Независимость — единственное, что действительно нужно было ему в этой жизни. Независимости, однако, не было и не предвиделось, даже если он подаст в отставку. Тоска была. Тоска эта шла с ним рядом, когда он наконец оторвался от моря и стал подниматься по глинистому откосу. Размахивая своей тяжёлой тростью, скорее походившей на палицу, стал сбивать ветки дерезы, захватившей откос и перевесившейся на тропинку. Он шёл по этой полузаросшей тропинке. Горло давило, будто что-то рвалось наружу — может быть, рыдания. А может быть, крик злости или судорожный, не похожий на его обычный, смех? В ту ночь он долго бродил по городу, не напрашиваясь ли на какое-нибудь припортовое происшествие, опасное для самой жизни? Всё было лучше охватившей его тоски. Он сам, признаться, дивился этой тоске.
Степь беспрепятственно вливалась в город в этот поздний час, тихий и наполненный молочным сиянием звёзд. Увядшие травы пахли так же сильно, как когда-то в Крыму. Забавно: он мечтал увидеть Элизу на земле, так полюбившейся ему. Он мечтал подать ей руку, когда она будет сходить с корабля на доски наспех выстроенного нарядного причала. Будто такое было возможно, будто не сам лорд Мидас, как он давно уже называл Воронцова[73], должен был свести свою супругу на завоёванную им землю... Ему рисовался этот момент во всём раздирающем сердце великолепии. Породистый профиль графа чётко вырисовывался на фоне ослепительного неба. Он медлил, давая вволю наглядеться на значительность своей высокой фигуры, на золотой, слегка туманный блеск эполет. Длинные губы его улыбались снисходительно-благосклонно.
...Уже добравшись до своего жилья, почти на рассвете открывая толчком ноги утлую дверь, Пушкин рассмеялся наконец тем редко посещающим его смехом, который выдавал в нём высшую степень раздражения.
— И мщенье, бурная мечта ожесточённого страданья! — крикнул он сам себе внезапно возникшую строку неизвестно какого будущего стихотворения. И бросился лицом в подушку, уминая её кулаками. Он смеялся над наивной доверчивостью своей, которая привела его в Одессу под начало «европейца»; смеялся над друзьями, там, в Петербурге, хлопотавшими о его переводе и, очевидно, забывшими, что и в двадцать лет он был певцом свободы. Смеялся и над Воронцовым, до которого когда-нибудь дойдут же строки о том, что он всего лишь полумилорд, и многие другие, которые он ещё напишет.
...Сон не шёл к нему. Раздетый, он лежал на спине, закинув руки за голову, глядя в серый потолок, вспоминал рассказ старого знакомца, приятеля по Кишинёву Филиппа Филипповича Вигеля[74].
IV
Весною, ещё задолго до оскорбительной истории с саранчой, Вигель приехал в Одессу по казённой надобности, и Воронцов якобы (так передавал сам Вигель) добродушно попенял ему: почему тот, любя Пушкина, не постарается образовать его дельным человеком.
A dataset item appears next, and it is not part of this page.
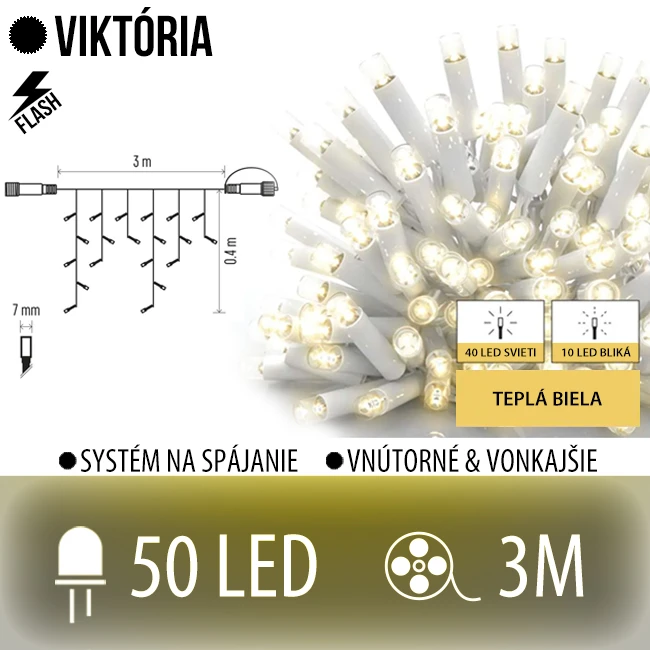 Viktória spojovateľná led svetelná záclona vonkajšia flash - 50led - 3m teplá biela / flash prebliknutie teplá biela - biely kábel

— Помилуйте. — Вигель раскинул руки перед генерал-губернатором, выражая тем величайшее удивление. — Помилуйте, граф, но поэты только то и умеют, что писать стихи.
— Но тогда они, как хотите, мой друг, вовсе бесполезны, для нашего края по меньшей мере.
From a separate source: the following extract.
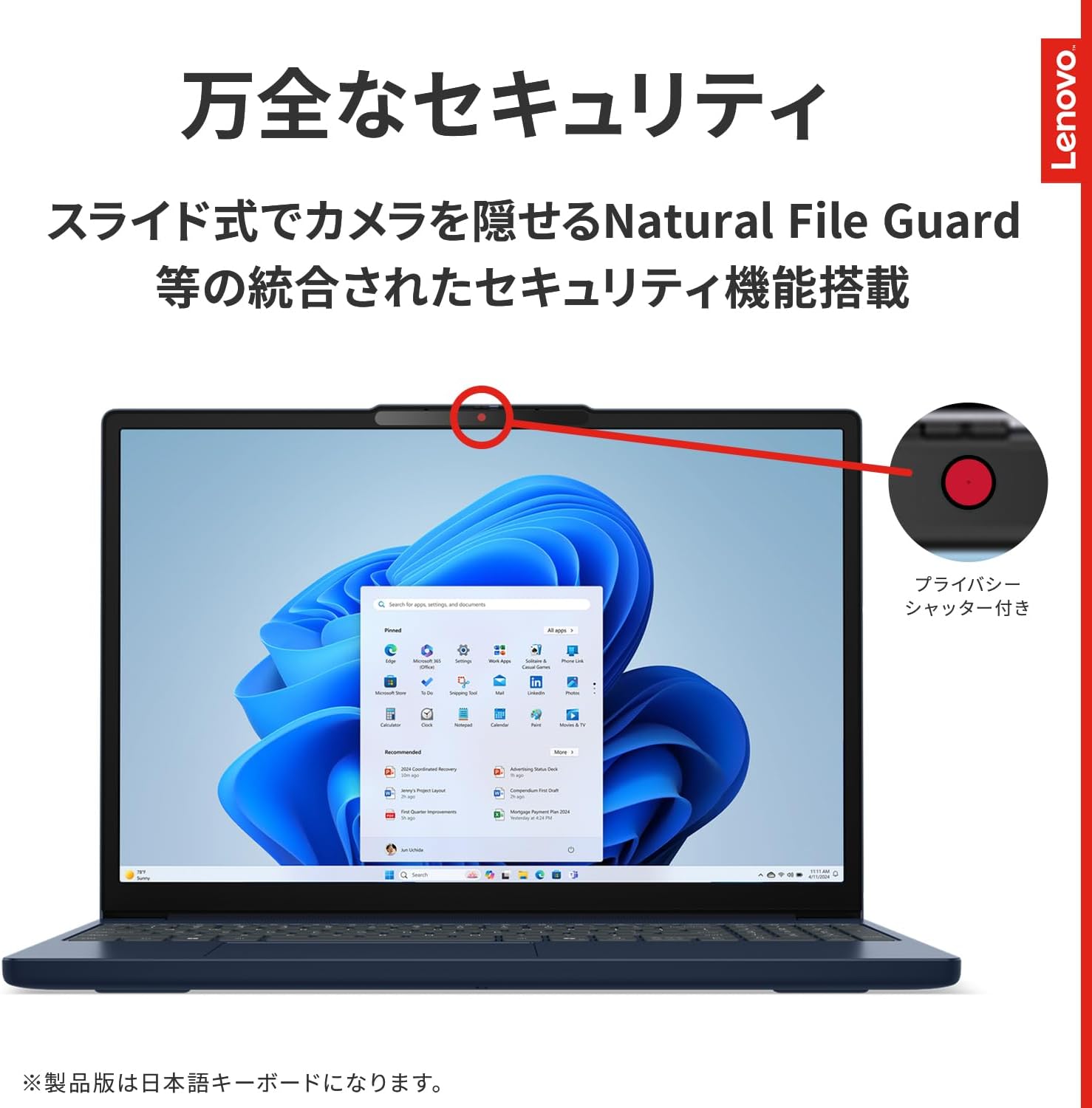 内蔵カメラ:あり (前面:HD 720p カメラ、プライバシーシャッター付き)

Граф сидел, как всегда, ловко раскинувшись в кресле своим сухощавым длинным телом. Уже не за столом, а по-дружески рядом с гостем. В маленьких, острых глазах Вигеля поблескивало всё то же всегдашнее внимание, которое он на этот раз старался притушить.
— Он боится меня, — заявил Воронцов вдруг и мимоходом. — При всей поэтической натуре понимает: от моей аттестации зависит не только служба, но и сама судьба его. Другой бы благословил возможность жить не среди полудиких молдаван с Инзовым — полубезумным. Кстати, что Инзов?
Вигель вздохнул, рот его, похожий на переспелую вишенку, открылся с трудом:
— Генерал в добром здравии. О Пушкине сожалеет, они сошлись. В Кишинёве он слыл прямым наследником Байрона. Горести его старика трогали...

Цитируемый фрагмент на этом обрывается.